Start of ENTRIES SHOWN
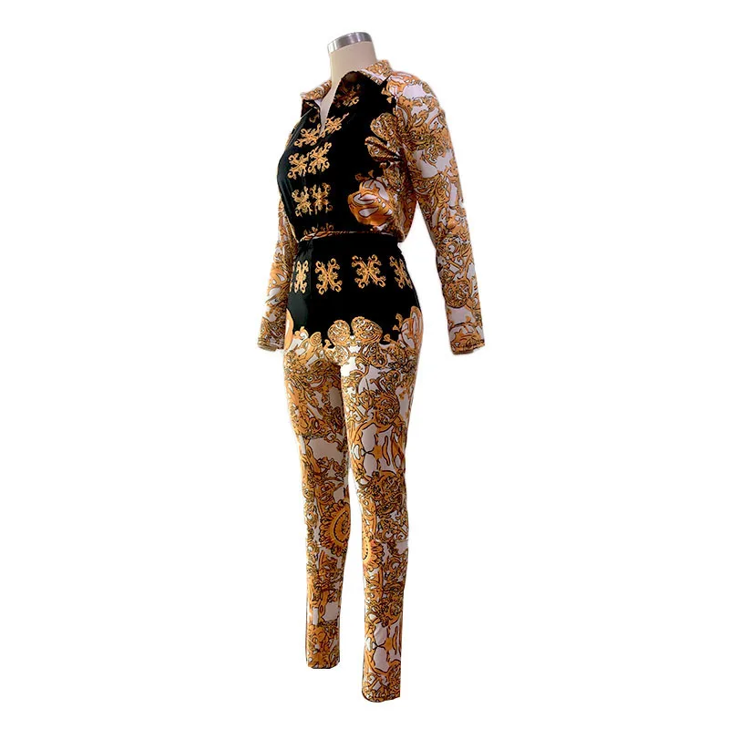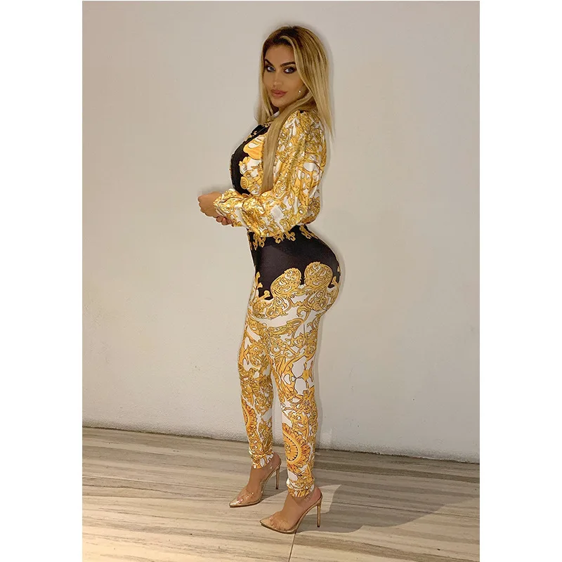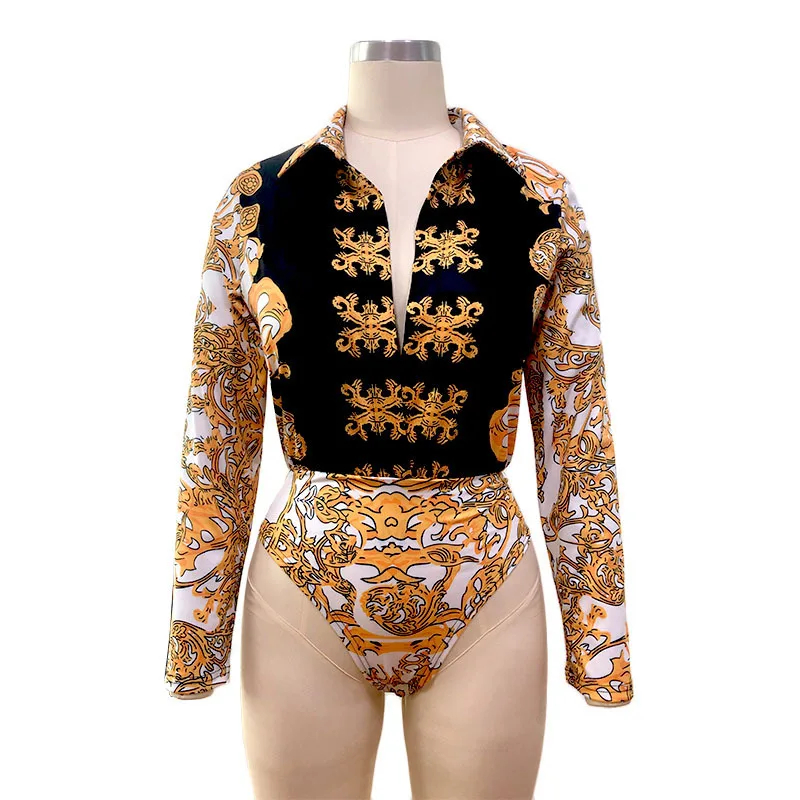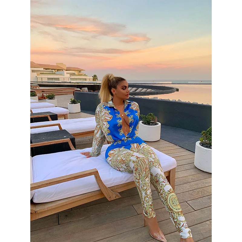 Colorblock Print Plunge Jumpsuit Autumn Long Sleeve Rompers Womens Blouse Dodysuit+pants 2 Piece Jumpsuit Combinaison Femme
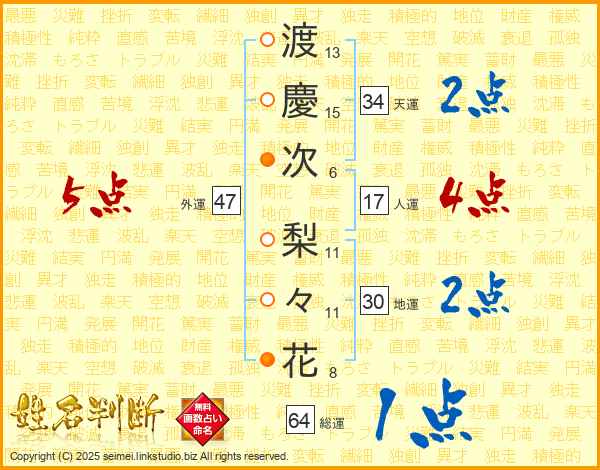 渡(13画)慶(15画)次(6画) 梨(11画)々(11画)花(8画)
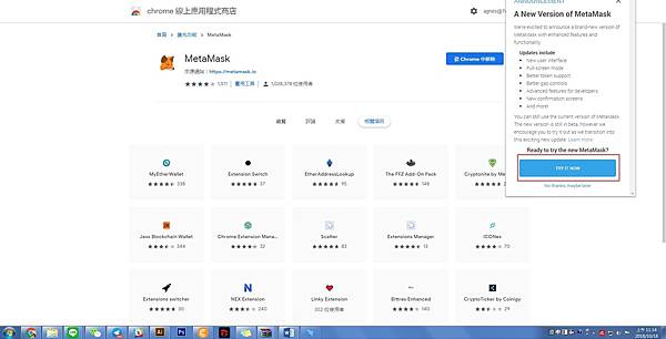 step1.打開google chrome點選右手邊擴充功能,搜尋Metamask
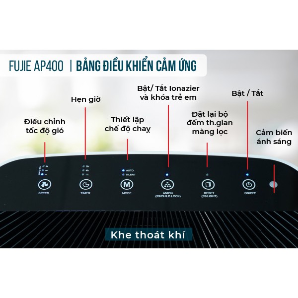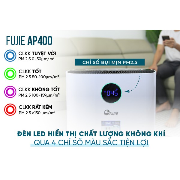 Thiết Bị Điện Gia Dụng > Thiết bị điện gia dụng nhỏ > Thiết bị xử lí không khí > Máy lọc không khí || Máy lọc không khí thông minh kết nối Wifi FujiE AP400 (7 màng lọc,màng Hepa3M-Mỹ) cho phòng từ 28-48mCòn hàng
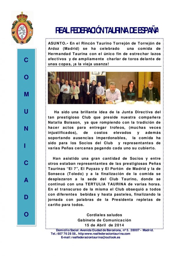 Celebrada comida de Hermandad Taurina en el Rincón Taurino Torrejón en Torrejón de Ardoz (Madrid) 2014, HemerotecaPor Claudia Starchevich23 abril, 2014 Informa Real Federación Taurina de España
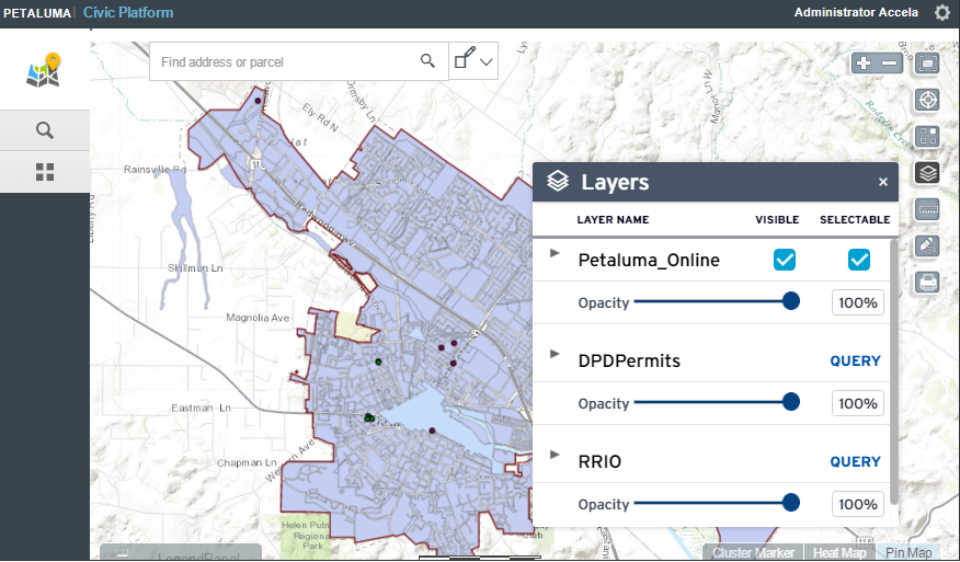 Accela GIS administrators enable agency users to use the Accela GIS map viewer:
End of ENTRIES SHOWN
◆ WHAT IS NEEDED ◆
What you write must match, line for line, the records from the line containing "渡(13画)慶(15画)次(6画) 梨(11画)々(11画)花(8画)" through the last line, with every picture left out.

◆ SOLVED PROBLEM ◆
 渡(13画)慶(15画)次(6画) 梨(11画)々(11画)花(8画)
 step1.打開google chrome點選右手邊擴充功能,搜尋Metamask
 Thiết Bị Điện Gia Dụng > Thiết bị điện gia dụng nhỏ > Thiết bị xử lí không khí > Máy lọc không khí || Máy lọc không khí thông minh kết nối Wifi FujiE AP400 (7 màng lọc,màng Hepa3M-Mỹ) cho phòng từ 28-48mCòn hàng
 Celebrada comida de Hermandad Taurina en el Rincón Taurino Torrejón en Torrejón de Ardoz (Madrid) 2014, HemerotecaPor Claudia Starchevich23 abril, 2014 Informa Real Federación Taurina de España
 Accela GIS administrators enable agency users to use the Accela GIS map viewer:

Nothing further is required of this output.